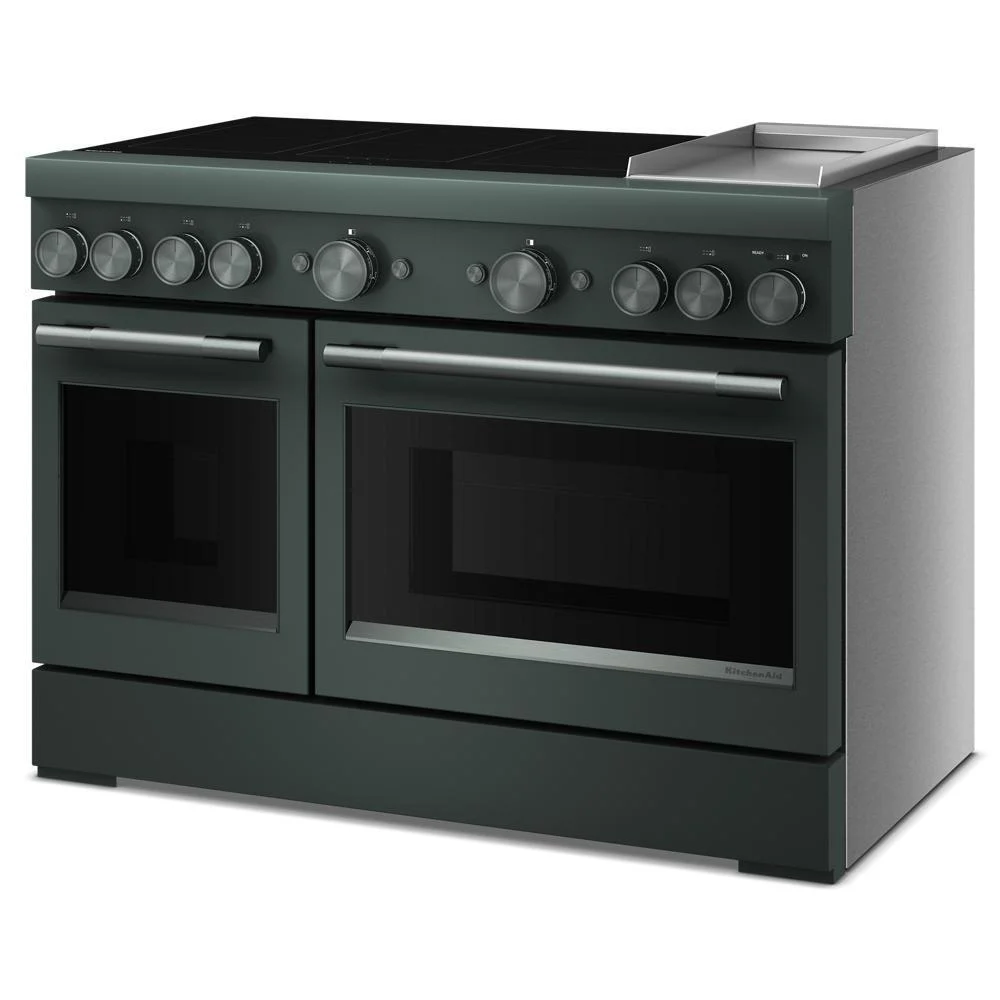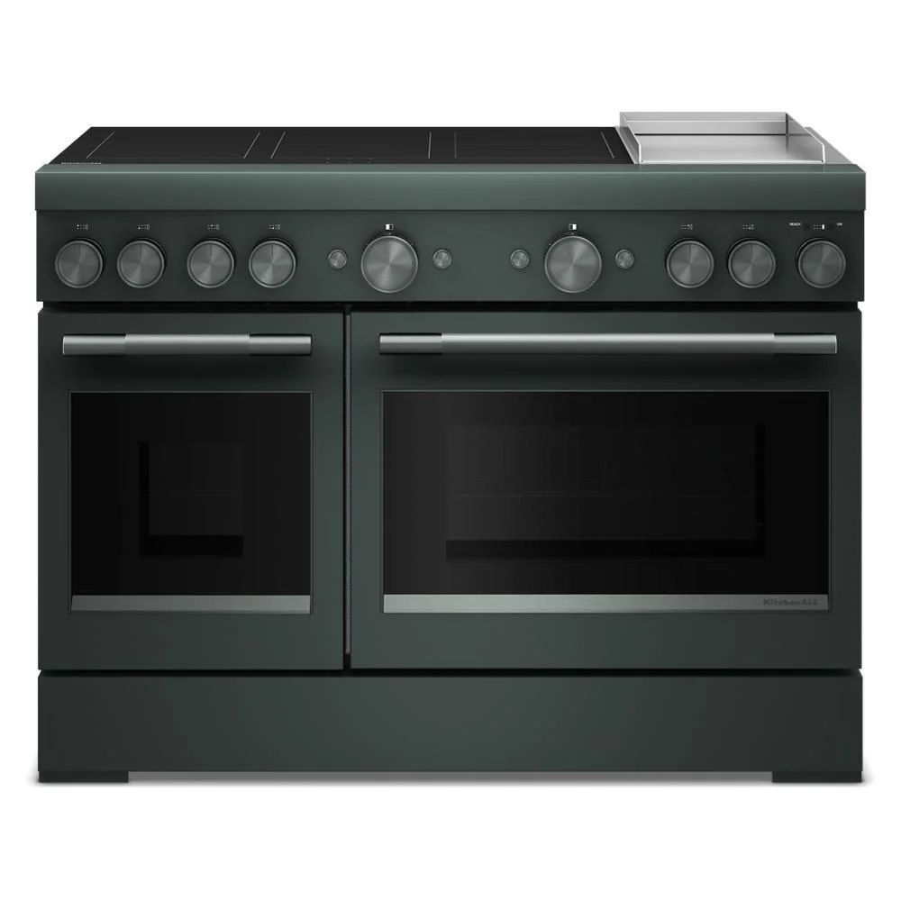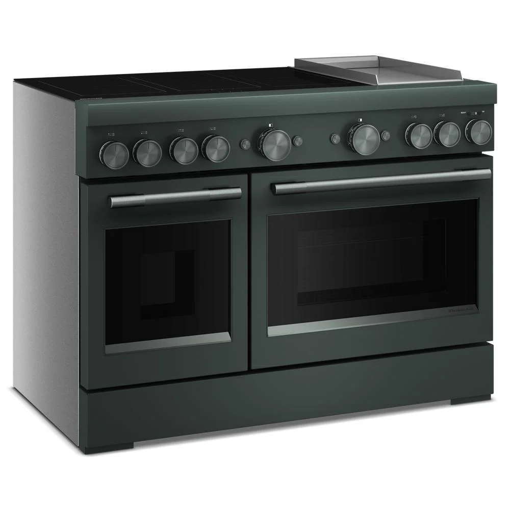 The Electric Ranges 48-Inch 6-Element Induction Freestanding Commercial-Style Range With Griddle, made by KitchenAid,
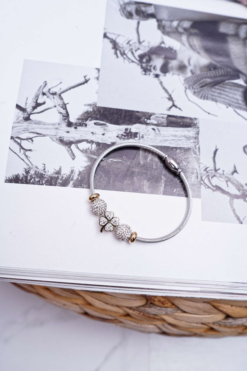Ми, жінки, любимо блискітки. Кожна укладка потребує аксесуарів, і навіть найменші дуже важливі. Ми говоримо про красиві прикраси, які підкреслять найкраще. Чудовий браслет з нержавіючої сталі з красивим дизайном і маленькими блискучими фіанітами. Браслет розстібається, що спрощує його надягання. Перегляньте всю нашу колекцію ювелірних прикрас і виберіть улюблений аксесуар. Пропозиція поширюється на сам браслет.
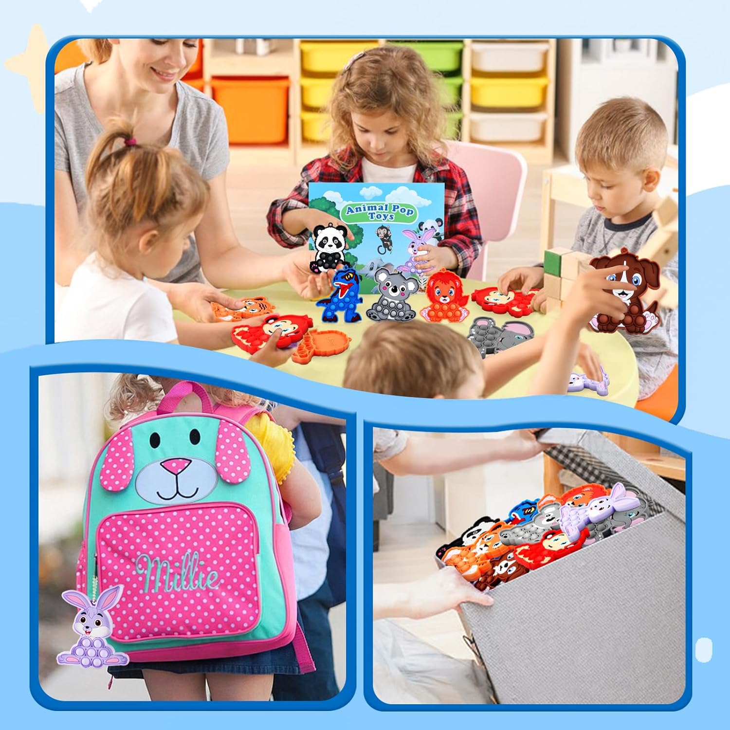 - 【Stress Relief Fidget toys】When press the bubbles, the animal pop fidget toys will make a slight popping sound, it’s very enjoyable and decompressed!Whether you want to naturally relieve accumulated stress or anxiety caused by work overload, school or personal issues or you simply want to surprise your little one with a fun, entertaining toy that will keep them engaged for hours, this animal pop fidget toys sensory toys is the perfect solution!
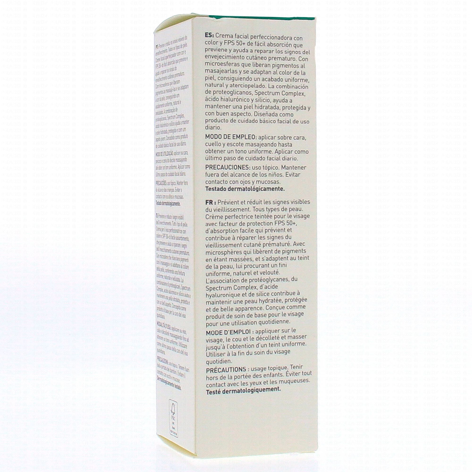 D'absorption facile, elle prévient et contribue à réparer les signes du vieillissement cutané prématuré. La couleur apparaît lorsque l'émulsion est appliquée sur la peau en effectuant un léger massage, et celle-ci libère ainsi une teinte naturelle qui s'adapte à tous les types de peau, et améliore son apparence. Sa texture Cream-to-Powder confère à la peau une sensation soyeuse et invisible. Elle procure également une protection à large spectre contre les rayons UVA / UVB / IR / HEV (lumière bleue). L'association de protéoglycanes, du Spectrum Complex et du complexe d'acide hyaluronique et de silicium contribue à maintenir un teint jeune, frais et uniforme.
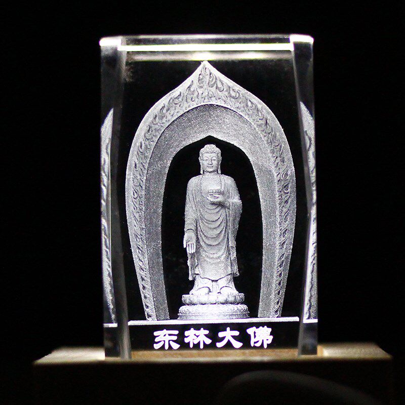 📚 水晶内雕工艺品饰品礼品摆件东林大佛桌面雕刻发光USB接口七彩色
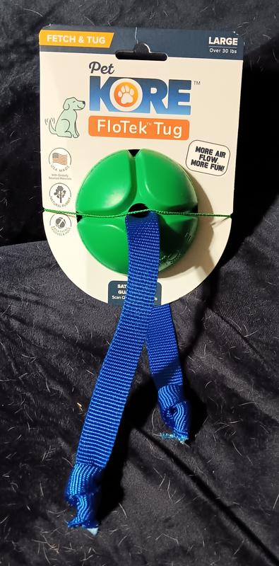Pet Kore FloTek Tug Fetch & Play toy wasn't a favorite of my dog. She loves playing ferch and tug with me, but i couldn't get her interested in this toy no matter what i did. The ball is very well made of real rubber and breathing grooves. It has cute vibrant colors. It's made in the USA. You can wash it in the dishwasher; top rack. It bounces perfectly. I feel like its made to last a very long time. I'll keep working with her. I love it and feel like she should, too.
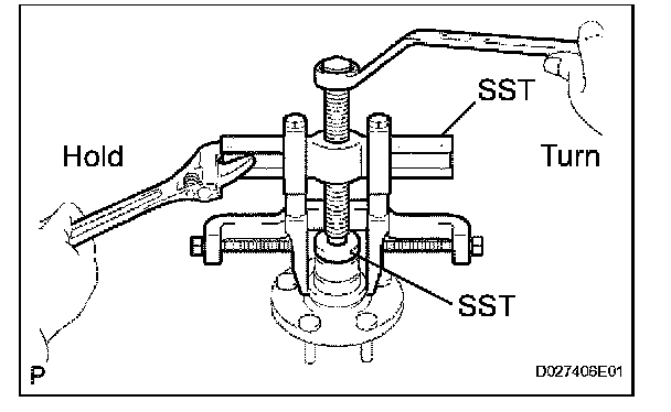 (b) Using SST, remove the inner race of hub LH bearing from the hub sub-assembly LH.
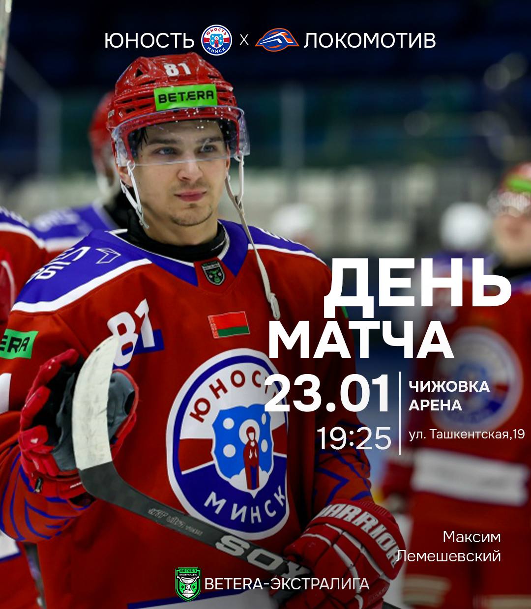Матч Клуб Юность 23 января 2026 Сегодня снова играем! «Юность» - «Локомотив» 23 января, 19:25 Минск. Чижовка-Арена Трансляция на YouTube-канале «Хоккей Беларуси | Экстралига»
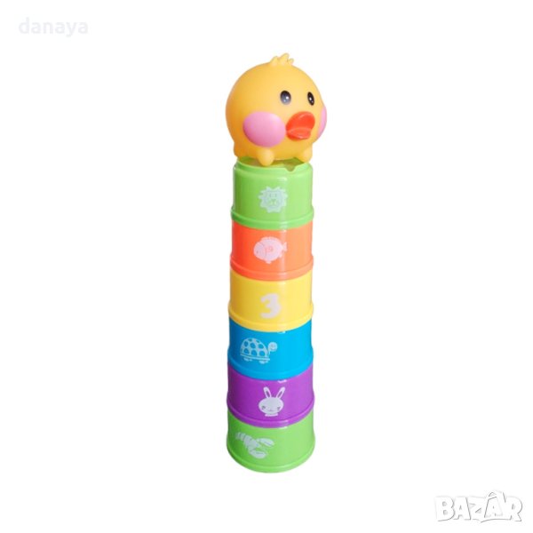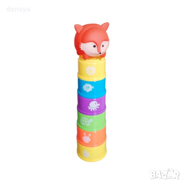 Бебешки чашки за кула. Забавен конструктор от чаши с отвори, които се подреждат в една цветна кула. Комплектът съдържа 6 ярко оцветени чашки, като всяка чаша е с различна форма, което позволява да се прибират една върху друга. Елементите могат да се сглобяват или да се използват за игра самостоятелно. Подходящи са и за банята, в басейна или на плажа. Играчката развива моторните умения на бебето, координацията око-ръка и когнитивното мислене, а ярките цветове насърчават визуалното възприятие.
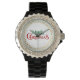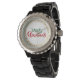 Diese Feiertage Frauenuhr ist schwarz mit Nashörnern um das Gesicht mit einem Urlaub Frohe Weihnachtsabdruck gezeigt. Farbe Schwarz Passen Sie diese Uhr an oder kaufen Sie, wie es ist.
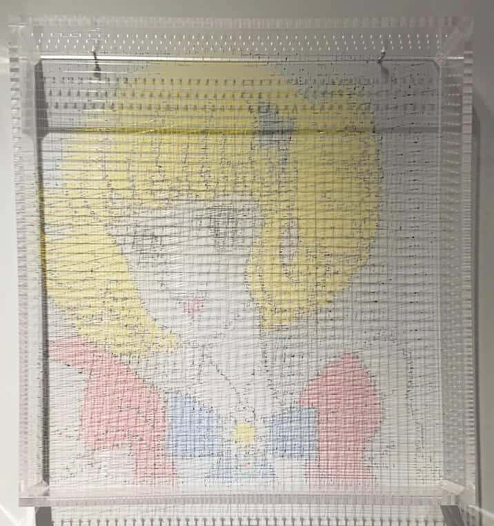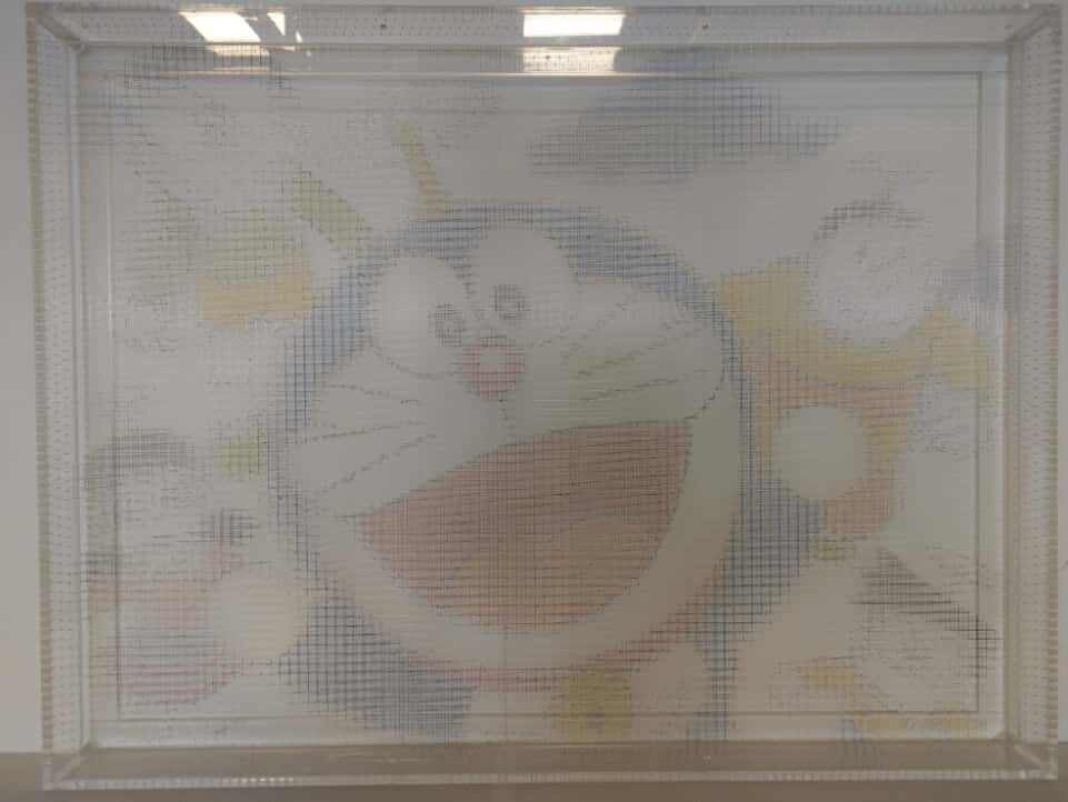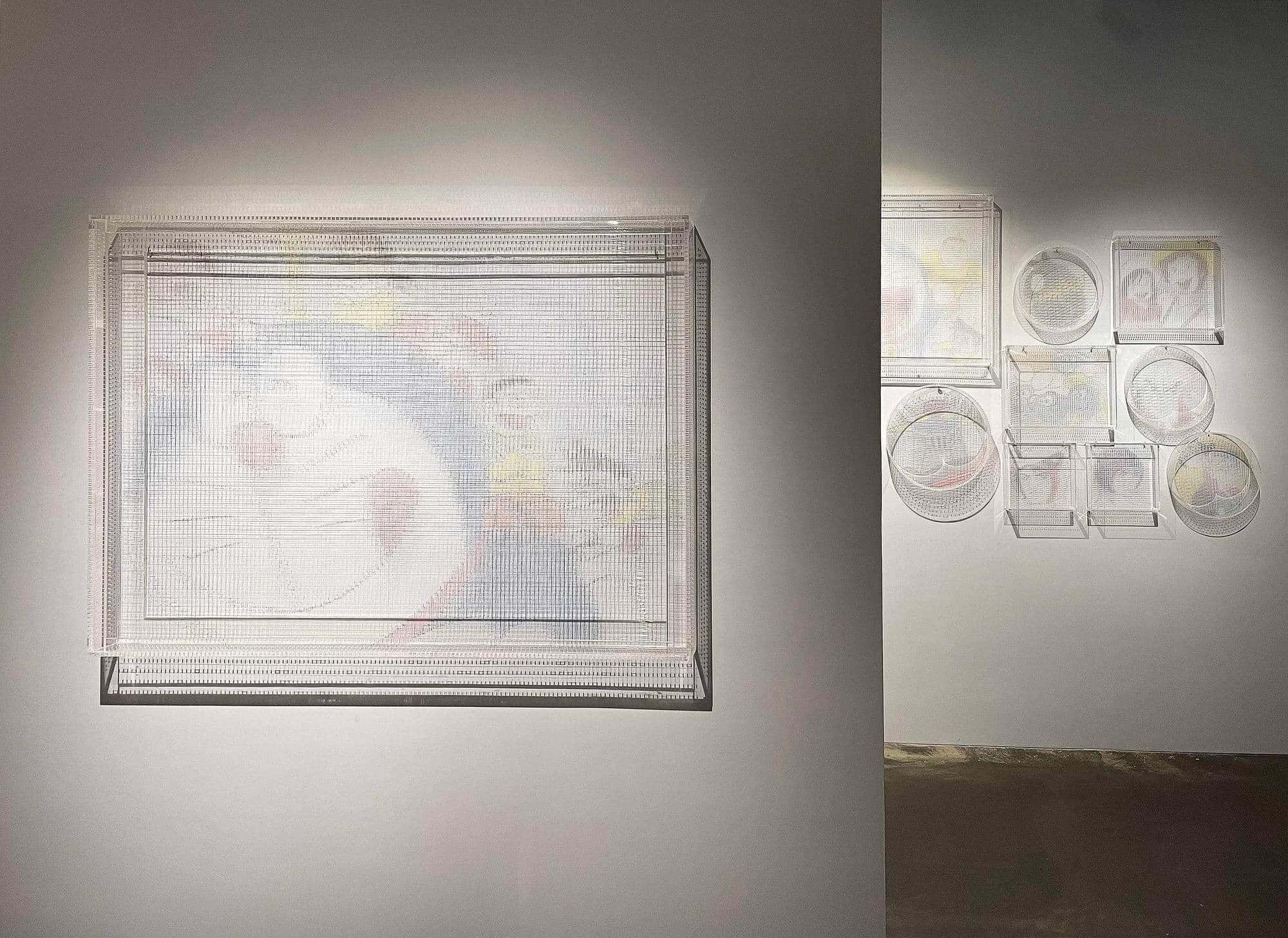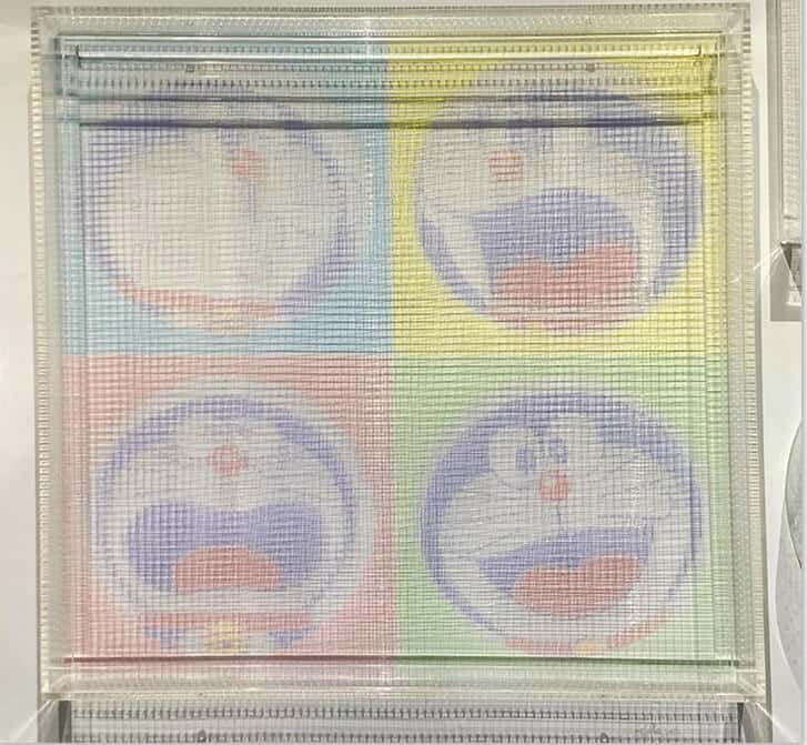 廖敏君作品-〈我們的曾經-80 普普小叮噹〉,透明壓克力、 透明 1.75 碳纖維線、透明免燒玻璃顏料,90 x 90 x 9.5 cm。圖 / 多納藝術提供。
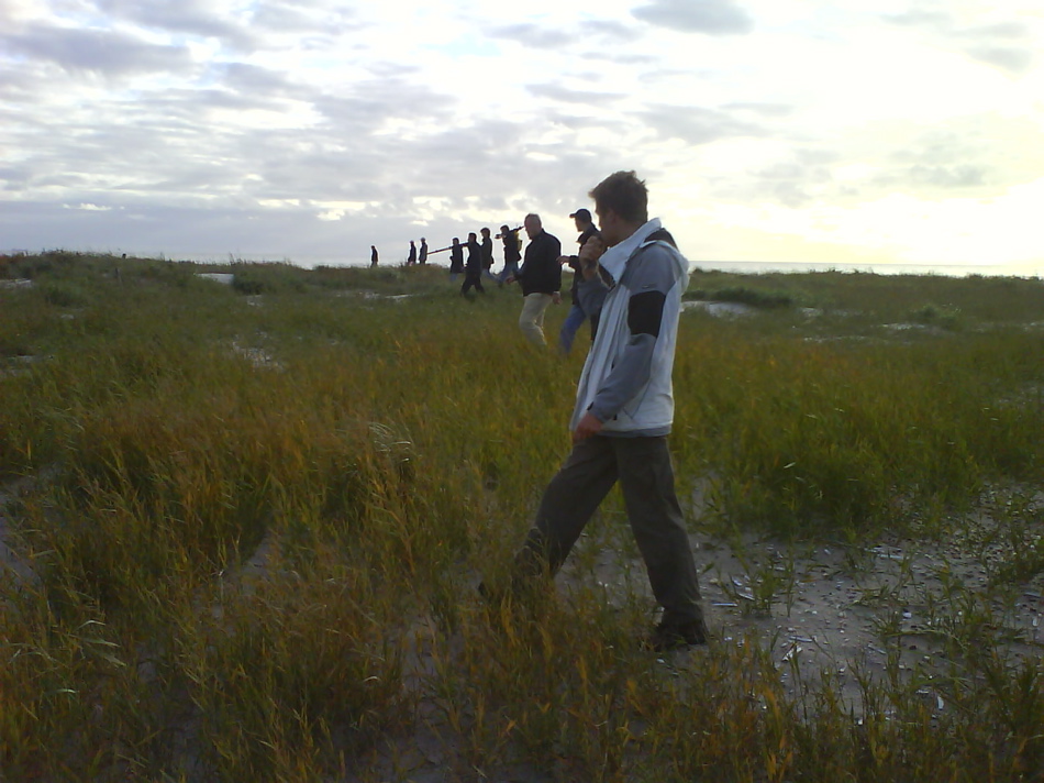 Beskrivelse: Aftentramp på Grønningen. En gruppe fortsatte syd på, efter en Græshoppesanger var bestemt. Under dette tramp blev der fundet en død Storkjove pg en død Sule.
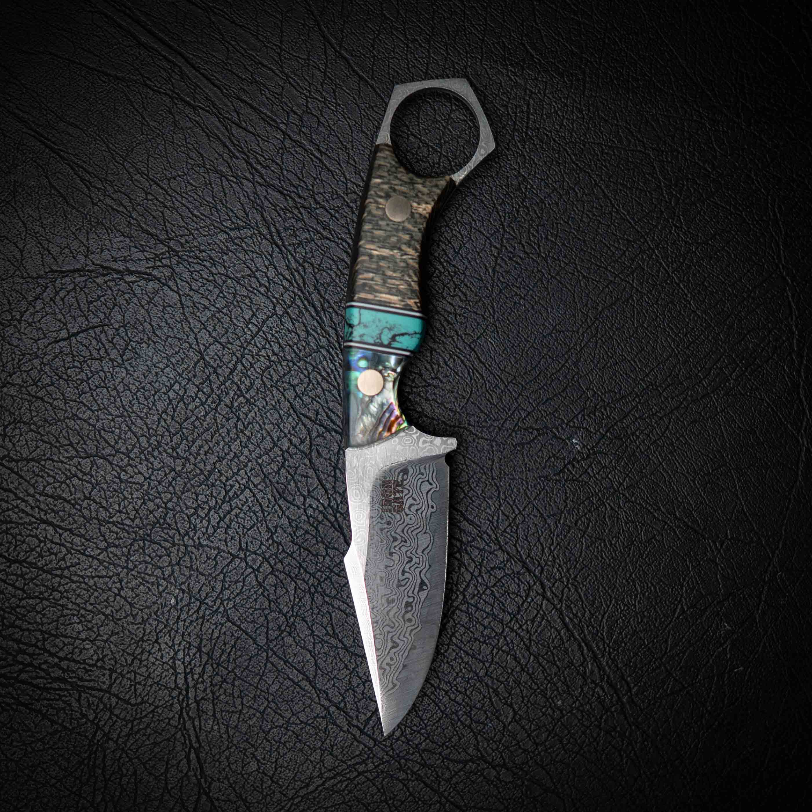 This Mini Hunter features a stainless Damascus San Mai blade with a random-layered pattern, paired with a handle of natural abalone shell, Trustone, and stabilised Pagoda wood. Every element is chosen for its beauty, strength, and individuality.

# WORK REQUEST
Every line from the one with "Diese Feiertage Frauenuhr" through the end of the records is to be reproduced exactly, and the pictures are to be left out.

# ANSWER TO THE PROBLEM
 Diese Feiertage Frauenuhr ist schwarz mit Nashörnern um das Gesicht mit einem Urlaub Frohe Weihnachtsabdruck gezeigt. Farbe Schwarz Passen Sie diese Uhr an oder kaufen Sie, wie es ist.
 廖敏君作品-〈我們的曾經-80 普普小叮噹〉,透明壓克力、 透明 1.75 碳纖維線、透明免燒玻璃顏料,90 x 90 x 9.5 cm。圖 / 多納藝術提供。
 Beskrivelse: Aftentramp på Grønningen. En gruppe fortsatte syd på, efter en Græshoppesanger var bestemt. Under dette tramp blev der fundet en død Storkjove pg en død Sule.
 This Mini Hunter features a stainless Damascus San Mai blade with a random-layered pattern, paired with a handle of natural abalone shell, Trustone, and stabilised Pagoda wood. Every element is chosen for its beauty, strength, and individuality.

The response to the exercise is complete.